Net income attributable to SMIC shareholders for the quarter was RMB 1.252 billion, up 93.5 percent year-on-year.


SMIC said the increase in revenue and profit in the fourth quarter was mainly due to higher revenue from increased wafer sales and higher average selling prices, increased funding for government projects, and higher investment income from investments in affiliates and financial assets.
For the full year 2020, SMIC's revenue increased by 25.4% to RMB25.250 billion and gross margin increased by 7.1 percentage points to 23.6%.

Net income attributable to SMIC shareholders for 2020 was RMB4,627 million, an increase of 204.9 percent year-over-year.
Looking ahead to the first quarter of 2021, SMIC expects revenue growth of 7-9% YoY and a gross margin of 17-19%.

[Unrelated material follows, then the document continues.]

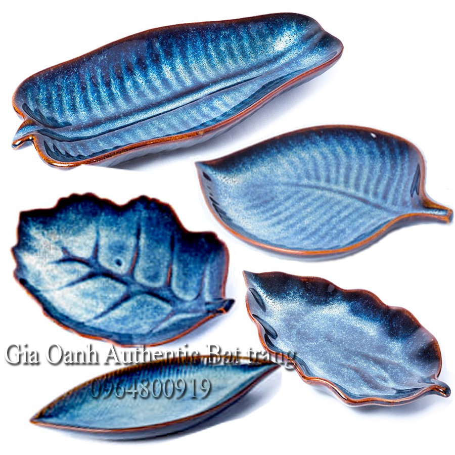 Sản phẩm khay, đĩa lá của Gia Oanh Authentic Bát tràng bao gồm đĩa là xoài, đía là nho, đĩa lá chuối, đĩa lá bỏng, đĩa lá nhọn, đĩa sao, đĩa kim cương ...kích thước cụ thể như sau

SMIC stated that restrictions on the procurement of US-related products or technologies due to its inclusion on the US government's entity list have created uncertain risks to performance expectations.
SMIC's export license application also takes time and is subject to uncertainty, the company said.
Based on this, SMIC expects to target mid- to high-single-digit revenue growth (5-9 percent) for the full year of 2021.
The company expects to target revenue of about $2.1 billion in the first half of 2021, with a full-year gross margin target of mid 10-20 percent.

In addition, under the influence of the entity list, SMIC will consider strengthening the development and deployment of the first and second-generation FinFET multiplex platform and expanding the reliability and competitiveness of the platform.
 

WTAN

Junior Member
Registered Member
A western engineer perspective on China IC development

From Ollie Ranta (Pakistan defense forum)

Sometimes you find interesting text in surprising places: From
Please, Log in or Register to view URLs content!

Bora Taş on January 30 2021
Lives in The Netherlands Computer scientist/chip designer.

"United States is pressuring the Netherlands to block the sale of EUV equipment to SMIC by Dutch company ASML is ultimately affecting China's dream in technology". How long US can resist China's development?

I think I am the perfect person to answer this. I have been working in the semiconductor industry for years, currently living in the Netherlands, lived and worked in China for 3 years, I know a lot of engineers from ASML (expecially after they hired hundreds of Turkish engineers). Let me tell you something: High-end semiconductor manufacturing is black magic. Both the processes and tools used for it are very complex. ASML’s EUV lithography machine is probably the most complex tool humankind ever developed since it stopped jumping between trees. It took billions of Euros and decades of experience to perfect it. Other experienced lithography machine suppliers failed at it. China has no experience in high-end semiconductor manufacturing tools with the exception of one-off/few-off prototypes.

ASML’s EUV lithography machine. Needs 41 semi-trucks to get transported, costs $150 million, has 100.000 major parts, has mirrors that need months of grinding to reach needed smoothness, needs multiple people with PhD’s as machine operators. Quite high-tech. Isn’t it?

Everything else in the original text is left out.